Rand makes three claims:
- The same brands don’t get recommended repeatedly for the same searches (So can we trust AI visibility scores?)
- The “ranks” of the brands that are recommended also change (So can we trust rank/positions AI search tools give?)
- People ask the same things in ways we cannot predict (So is there any useful way to track all of them in an AI search tool?)
Let’s discuss each claim and see whether they make Chosenly (and other AI search tools) useless.
Spoiler: We’re writing the article, so in the article we prove how Chosenly handles every complexity.

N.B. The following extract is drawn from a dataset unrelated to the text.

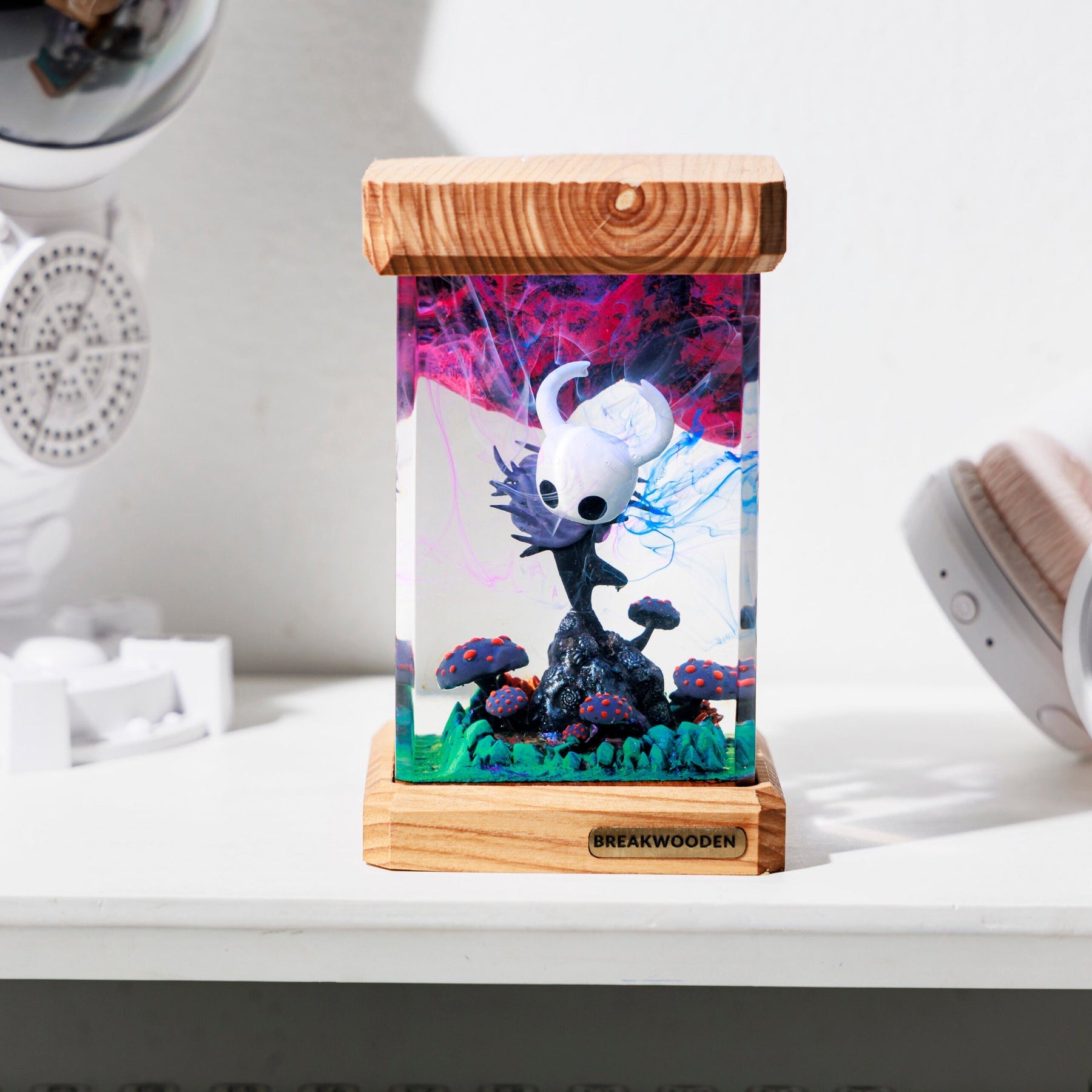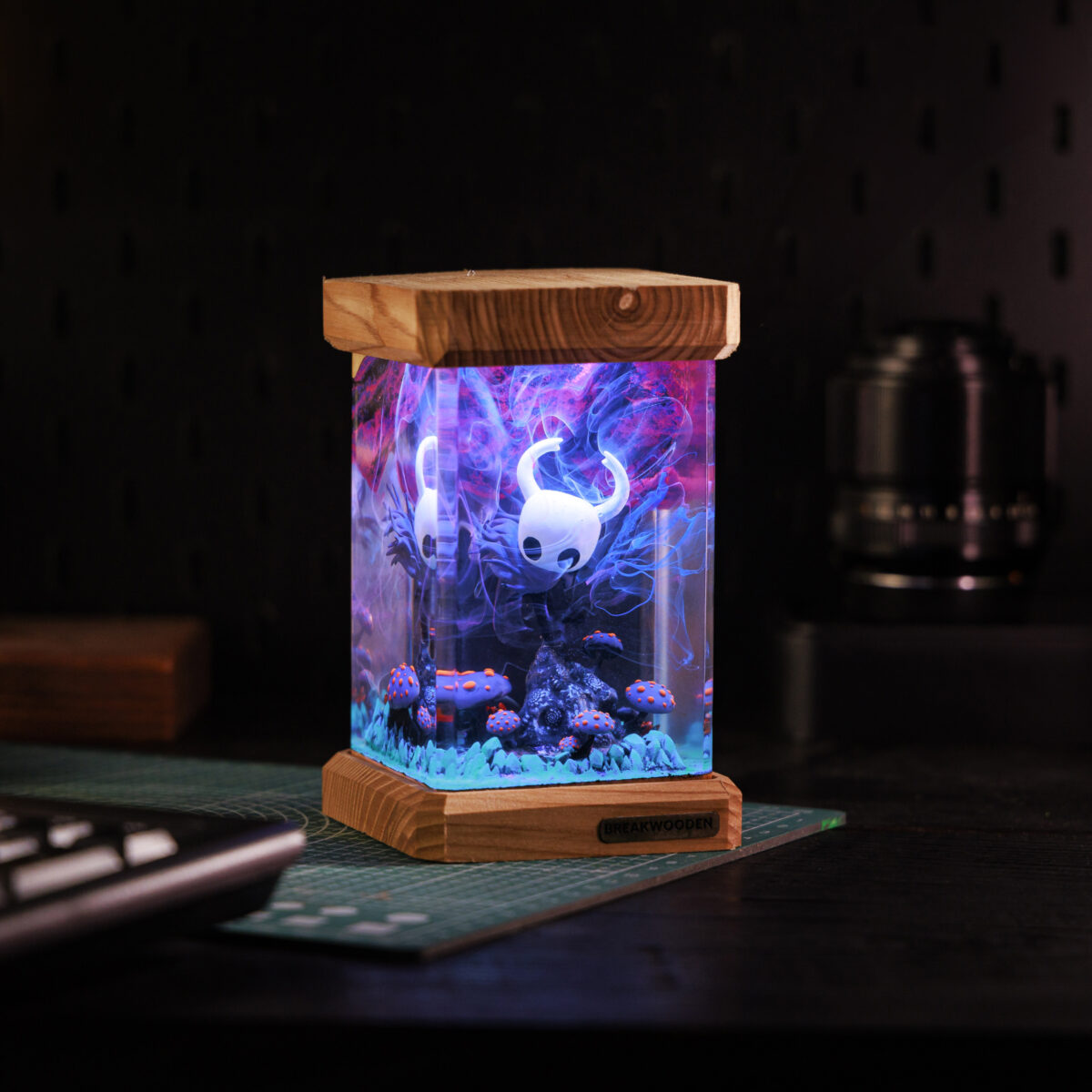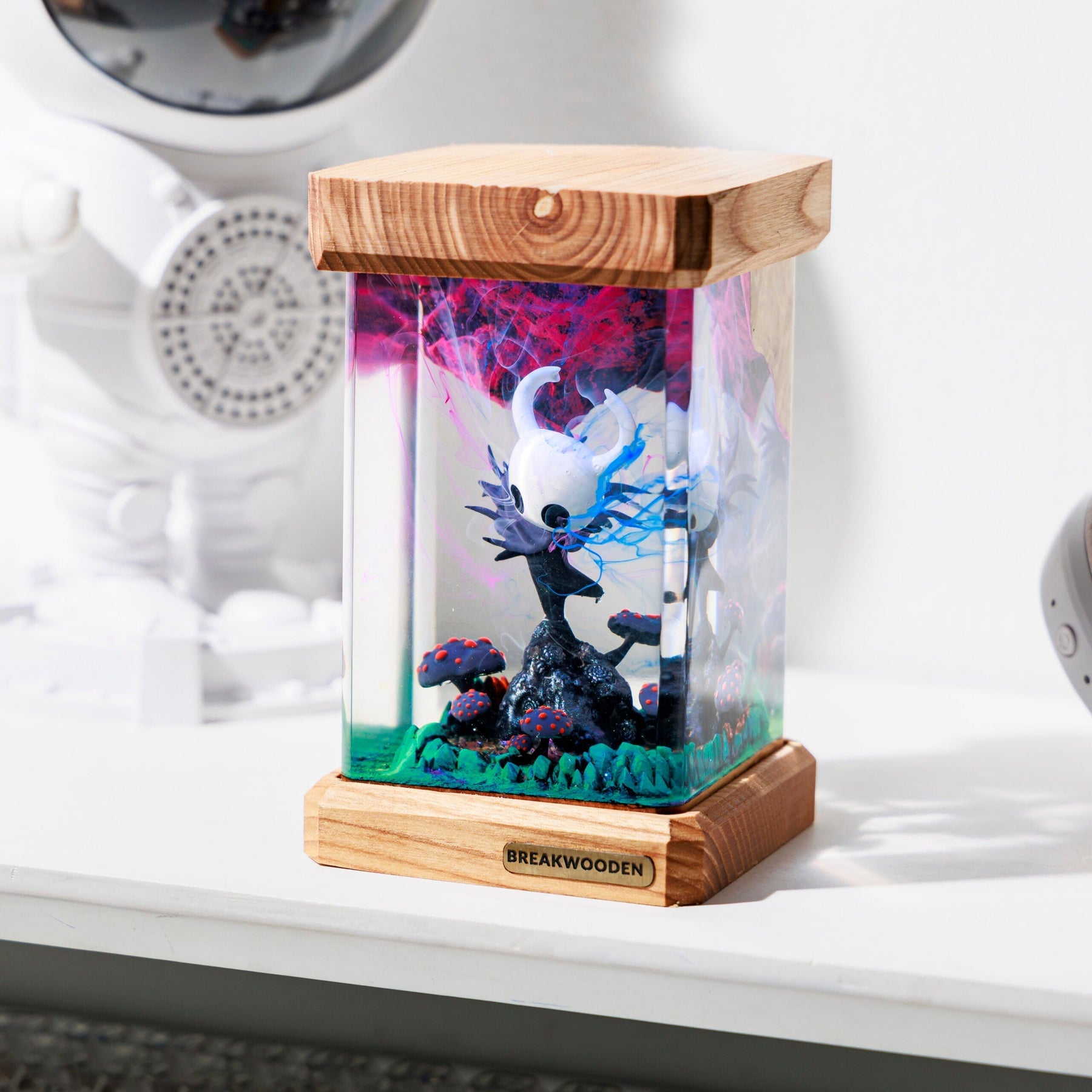 The Hol.low Knight resin lamp beautifully captures the game’s enchanting world with its detailed sculpture and soft, ambient light. Perfect for fans, it serves as both a functional decor piece and a tribute to the hauntingly beautiful Hallownest.

But, most AI search tools don’t.
Claim 1: The same brands don’t get recommended repeatedly for the same searches
So can we trust AI visibility scores?
Rand’s first claim is that if you ask an AI the same question multiple times, you will not get the same list of brands every time. Different brands show up, sometimes brands disappear, and sometimes new ones appear.

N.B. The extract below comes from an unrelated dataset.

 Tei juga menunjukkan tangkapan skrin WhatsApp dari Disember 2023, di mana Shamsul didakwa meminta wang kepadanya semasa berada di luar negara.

This is true, and it matches what we see in our customer data.
So does this make Chosenly’s AI visibility scores useless?
No. All it means is that you cannot look at a single run and draw conclusions.
Chosenly is a B2B only tool. So, let’s take the most volatile B2B scenario.
Example scenario: Acme Inc. is a B2B SaaS company in an extremely competitive category.. It has 20+ serious competitors. In AI answers, the top 4 companies tend to show up consistently (just in different positions), while the remaining 6 spots rotate across a pool of roughly 20 companies.
Chosenly makes sure you get reliable data by pure brute force.
In the scenario of Acme Inc., after just 9 searches we would expect to see 95.96% of those rotating companies. And because Chosenly dashboards run variations of very similar prompts across a narrow topic around 12 times on average, we reach ~99% coverage of the answer variations even in the most extreme B2B scenarios.
Math for the nerds:
This models the coupon collector problem, where each search randomly samples 6 out of 20 companies without replacement within a search, but with replacement across searches.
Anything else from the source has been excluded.